━━━ INPUT FOR THIS TASK

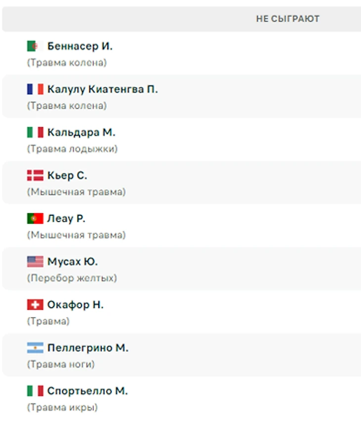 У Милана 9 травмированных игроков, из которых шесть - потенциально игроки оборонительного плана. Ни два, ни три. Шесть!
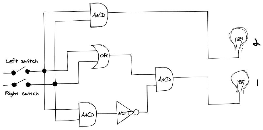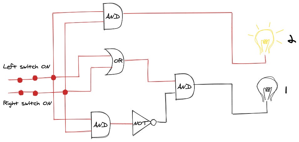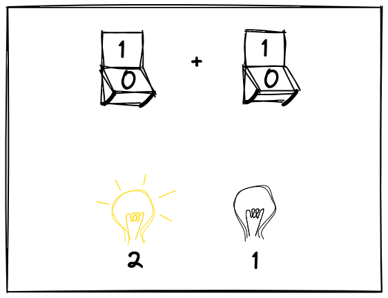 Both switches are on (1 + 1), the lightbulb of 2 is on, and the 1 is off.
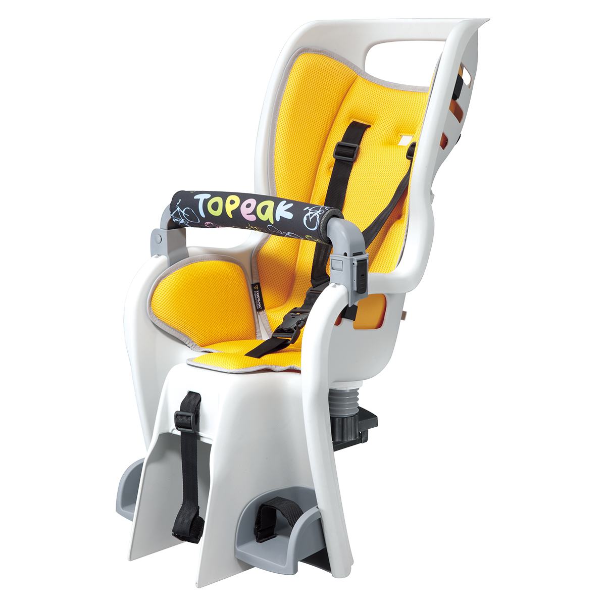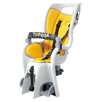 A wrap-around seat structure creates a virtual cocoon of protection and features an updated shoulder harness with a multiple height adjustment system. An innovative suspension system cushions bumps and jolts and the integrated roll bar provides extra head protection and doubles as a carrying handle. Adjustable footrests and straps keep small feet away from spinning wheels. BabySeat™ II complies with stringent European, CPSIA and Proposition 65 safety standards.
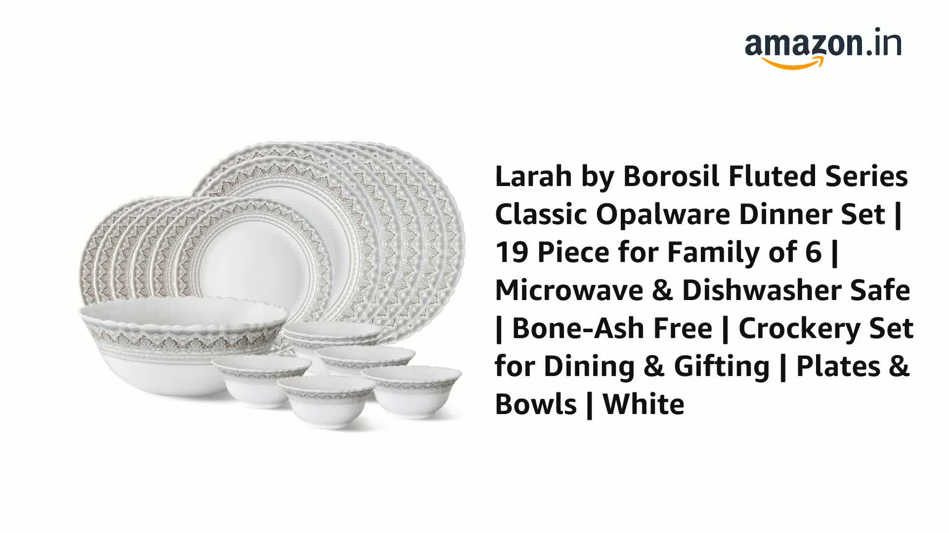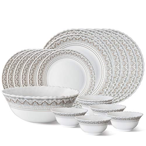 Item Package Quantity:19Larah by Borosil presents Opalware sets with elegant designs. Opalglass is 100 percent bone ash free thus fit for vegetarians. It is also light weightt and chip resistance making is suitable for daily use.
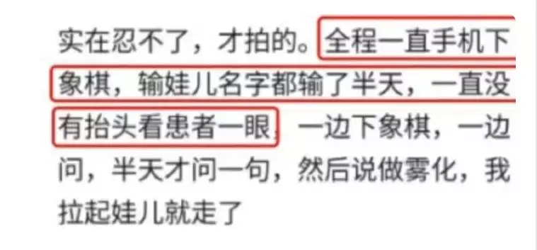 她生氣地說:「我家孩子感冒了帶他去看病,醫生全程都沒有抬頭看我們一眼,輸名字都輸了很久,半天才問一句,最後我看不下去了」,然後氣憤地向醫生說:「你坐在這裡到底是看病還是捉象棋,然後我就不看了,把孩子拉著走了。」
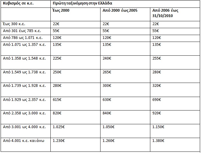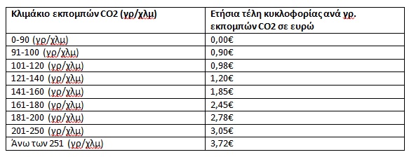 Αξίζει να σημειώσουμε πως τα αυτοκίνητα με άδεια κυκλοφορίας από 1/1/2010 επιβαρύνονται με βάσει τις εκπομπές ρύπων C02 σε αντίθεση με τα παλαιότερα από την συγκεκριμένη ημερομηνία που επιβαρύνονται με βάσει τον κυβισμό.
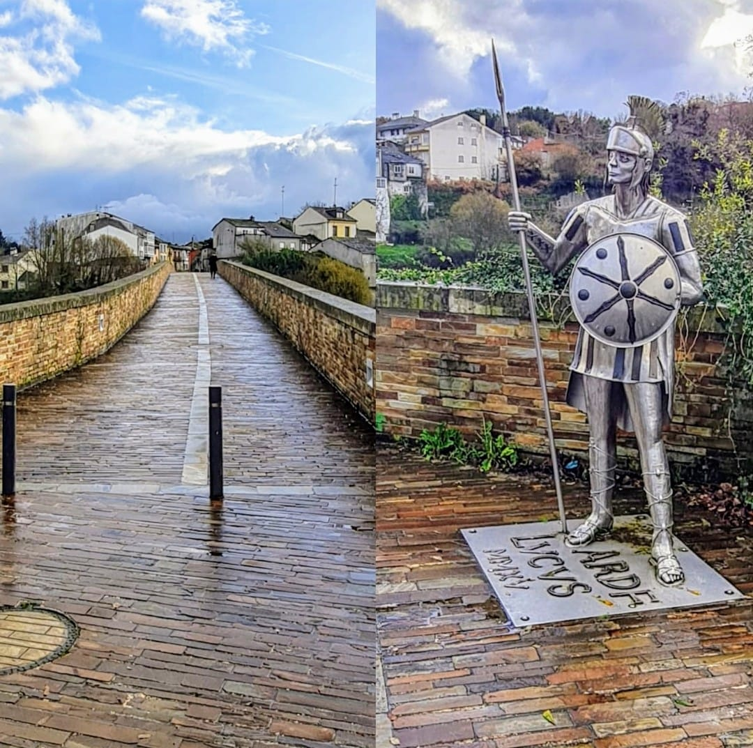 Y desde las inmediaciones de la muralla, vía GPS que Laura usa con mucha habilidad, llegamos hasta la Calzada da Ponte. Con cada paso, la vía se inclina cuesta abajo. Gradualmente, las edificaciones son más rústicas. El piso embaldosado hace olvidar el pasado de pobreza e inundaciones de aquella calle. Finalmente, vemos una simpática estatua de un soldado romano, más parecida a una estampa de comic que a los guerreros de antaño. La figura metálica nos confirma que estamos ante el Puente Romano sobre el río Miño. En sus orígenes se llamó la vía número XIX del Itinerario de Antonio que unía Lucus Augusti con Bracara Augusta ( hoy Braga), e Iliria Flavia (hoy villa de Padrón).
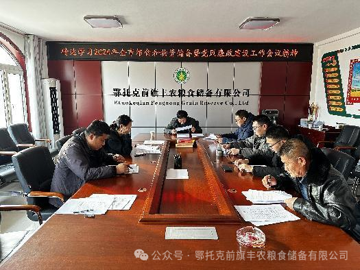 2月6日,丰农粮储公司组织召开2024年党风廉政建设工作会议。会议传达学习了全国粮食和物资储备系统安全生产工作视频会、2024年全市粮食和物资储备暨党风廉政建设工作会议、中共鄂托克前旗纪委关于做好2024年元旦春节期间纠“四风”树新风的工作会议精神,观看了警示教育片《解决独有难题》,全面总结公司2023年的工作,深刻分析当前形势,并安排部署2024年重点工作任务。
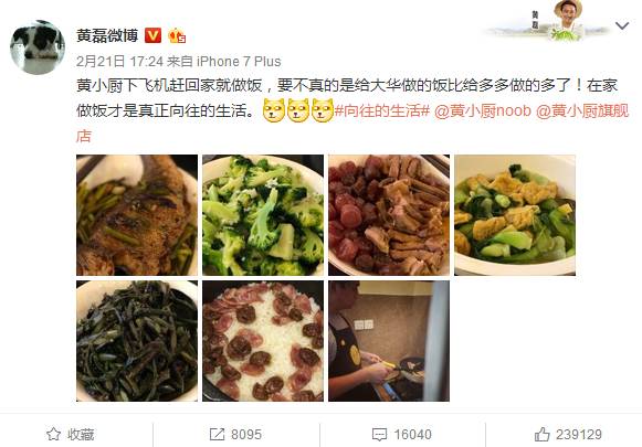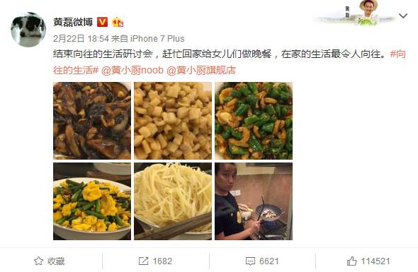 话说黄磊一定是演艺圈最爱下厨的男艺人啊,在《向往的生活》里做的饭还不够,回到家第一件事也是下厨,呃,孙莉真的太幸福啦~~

━━━━━━

*YOUR INSTRUCTIONS*
Retype the entries above exactly, starting at their first line and ending with the line that holds "她生氣地說:「我家孩子感冒了"; pictures stay out.

*WRITTEN SOLUTION*
 У Милана 9 травмированных игроков, из которых шесть - потенциально игроки оборонительного плана. Ни два, ни три. Шесть!
 Both switches are on (1 + 1), the lightbulb of 2 is on, and the 1 is off.
 A wrap-around seat structure creates a virtual cocoon of protection and features an updated shoulder harness with a multiple height adjustment system. An innovative suspension system cushions bumps and jolts and the integrated roll bar provides extra head protection and doubles as a carrying handle. Adjustable footrests and straps keep small feet away from spinning wheels. BabySeat™ II complies with stringent European, CPSIA and Proposition 65 safety standards.
 Item Package Quantity:19Larah by Borosil presents Opalware sets with elegant designs. Opalglass is 100 percent bone ash free thus fit for vegetarians. It is also light weightt and chip resistance making is suitable for daily use.
 她生氣地說:「我家孩子感冒了帶他去看病,醫生全程都沒有抬頭看我們一眼,輸名字都輸了很久,半天才問一句,最後我看不下去了」,然後氣憤地向醫生說:「你坐在這裡到底是看病還是捉象棋,然後我就不看了,把孩子拉著走了。」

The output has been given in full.